══ GIVEN DATA ══

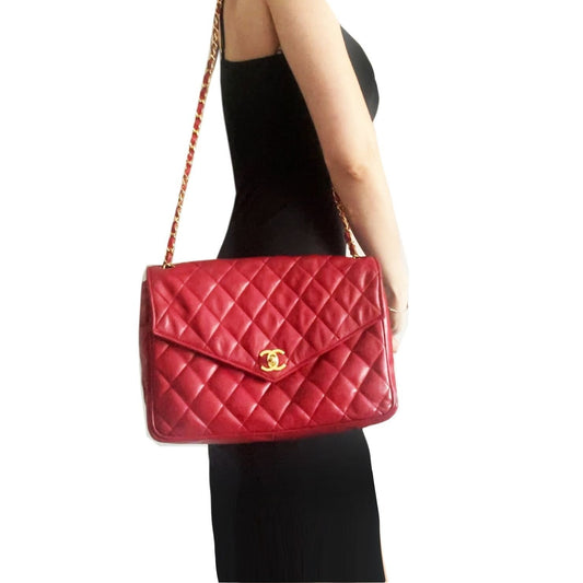 Chanel CC 24k Vintage Jumbo Envelope Flap Bag Lambskin Timeless Red
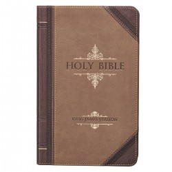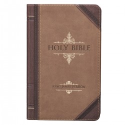 This traditionally styled, two-tone Faux Leather Bound Giant Print Standard Size Edition offers the classic King James Version in an easy to read 14 point giant print. The cover is constructed of quality man-made material with the look and feel of real leather (trade name LuxLeather). Design features include a two-tone look in dark brown and tan with contrast top-stitching, a debossed title, gold-foiled filigree design, gold gilt-edged pages and an attached ribbon page marker. Inside, you'll find reader-friendly subheadings, a double-column format, words of Christ printed in red ink, a helpful Scripture verse finder by topic and a one-year Bible reading plan. Size: 5 5/8" (W) x 8 3/4" (H) x 1 5/8" (D) Text Size 14pt 1806 Gold Gilt-Edged Pages Faux Leather Flexcover Bound Lay-Flat Spine Attached Ribbon Page Marker Words of Christ in Red Ink Footnote Verse Cross-Reference Guide Concordance Unique Scripture Verse Finder One-Year Bible Reading Plan 8 Full-Color Maps Presentation Page
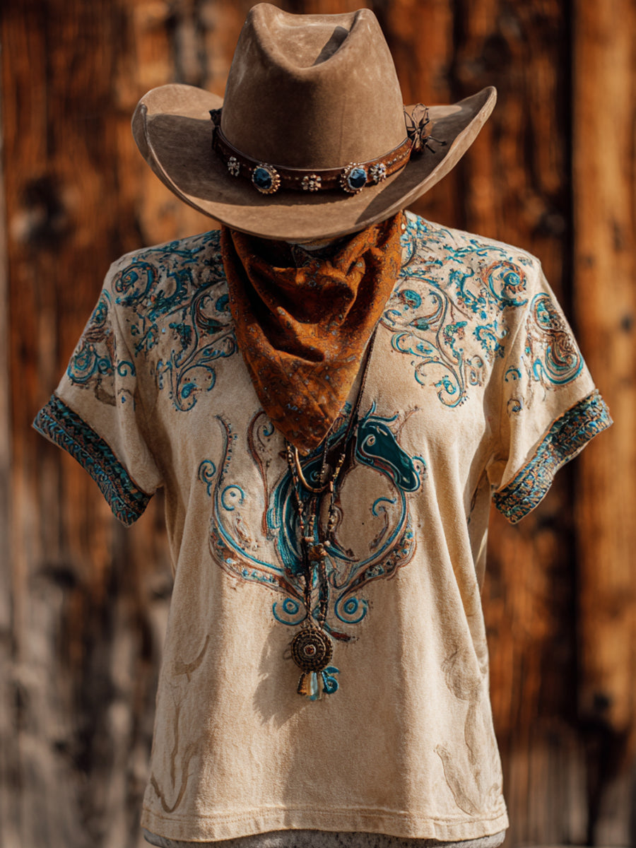 Retro Western Style Floral Print Casual Short Sleeve T-Shirt
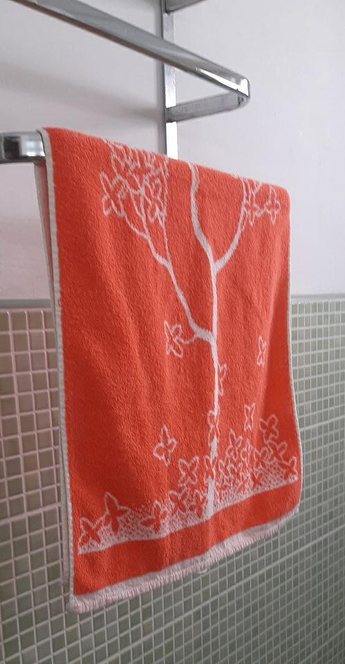 Toalla blanca y naranja claro 140 x 67 cm precio 1000 pesos
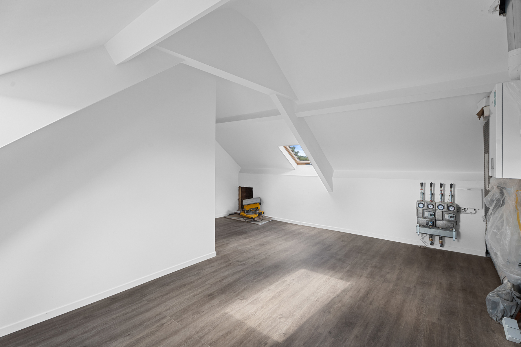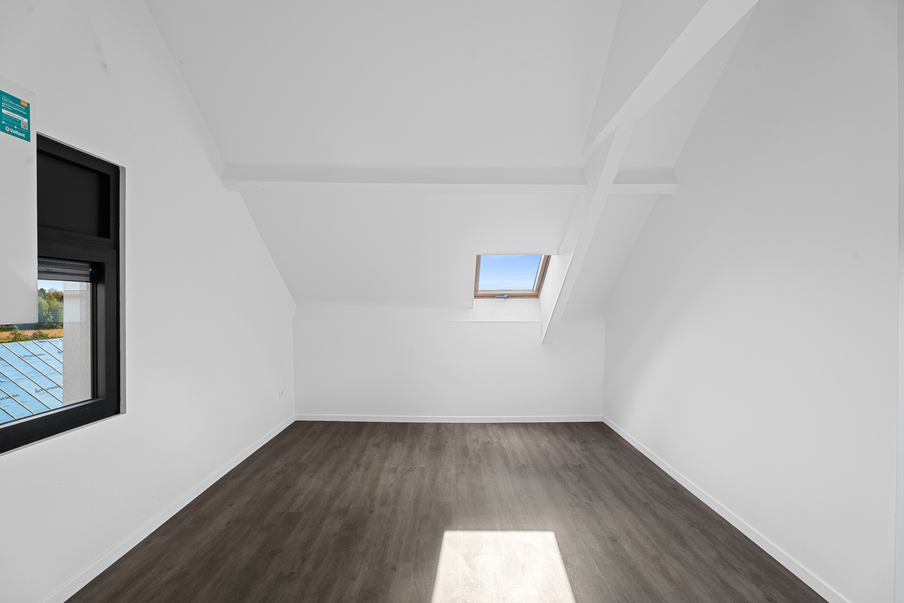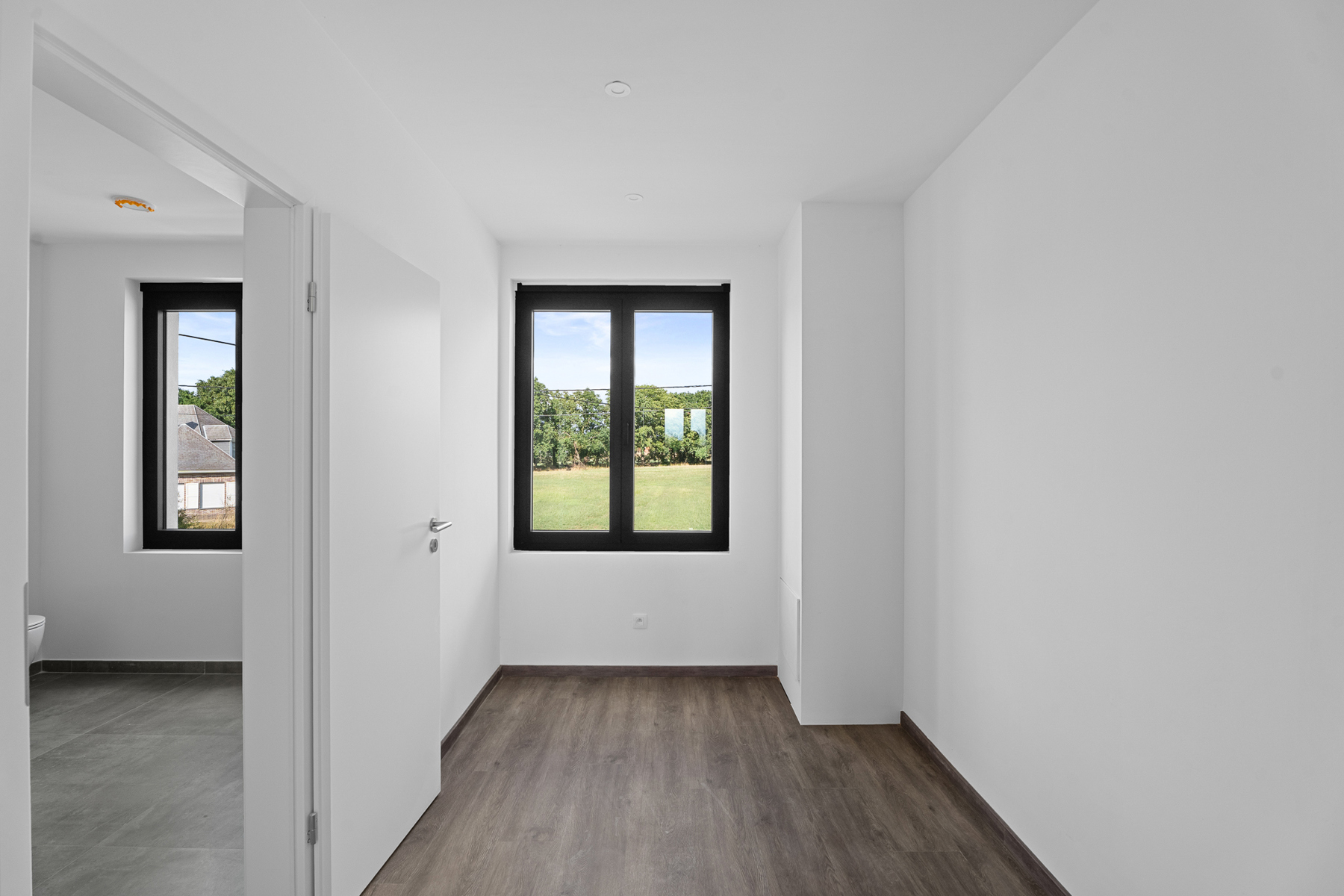 Op het tussenverdiep bevinden zich twee volwaardige slaapkamers van ca. 14 m². Op de eerste verdieping ontdekt u een derde slaapkamer, de badkamer met luxueuze inloopdouche, dubbele lavabo en uniek zicht over de velden, en een extra kamer die perfect kan dienen als ensuite dressing of bureauruimte. De zolderverdieping biedt nog een royale kamer van 29 m², ideaal als vierde slaapkamer, speelkamer of hobbyruimte.
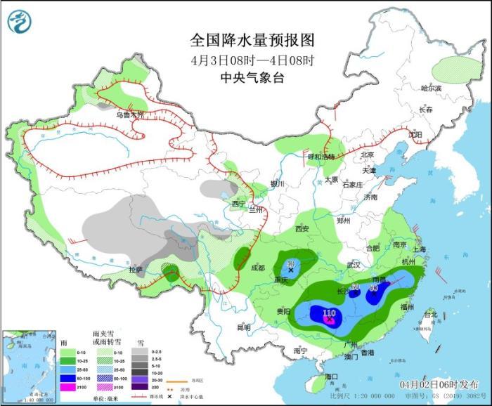4月3日08時(shí)至4日08時(shí),新疆北疆北部和伊犁河谷沿天山一帶、西藏北部、青海東北部和南部、甘肅河西、川西高原北部、黑龍江東部等地部分地區(qū)有小到中雪或雨夾雪。江南中南部、西南地區(qū)東北部、華南北部等地部分地區(qū)有中到大雨,其中,湖南西南部、江西中部、廣西東北部、廣東西北部等地部分地區(qū)有暴雨或大暴雨(100~110毫米)。內(nèi)蒙古河套地區(qū)和中部、新疆沿天山地區(qū)、西藏南部等地部分地區(qū)有4~5級(jí)風(fēng)。

═══

» WHAT YOU NEED TO DO
What do the entries above read from the line containing "Retro Western Style" through the line containing "Op het tussenverdiep"? Output those lines exactly, both ends included, with the pictures left out.

» SOLUTION
 Retro Western Style Floral Print Casual Short Sleeve T-Shirt
 Toalla blanca y naranja claro 140 x 67 cm precio 1000 pesos
 Op het tussenverdiep bevinden zich twee volwaardige slaapkamers van ca. 14 m². Op de eerste verdieping ontdekt u een derde slaapkamer, de badkamer met luxueuze inloopdouche, dubbele lavabo en uniek zicht over de velden, en een extra kamer die perfect kan dienen als ensuite dressing of bureauruimte. De zolderverdieping biedt nog een royale kamer van 29 m², ideaal als vierde slaapkamer, speelkamer of hobbyruimte.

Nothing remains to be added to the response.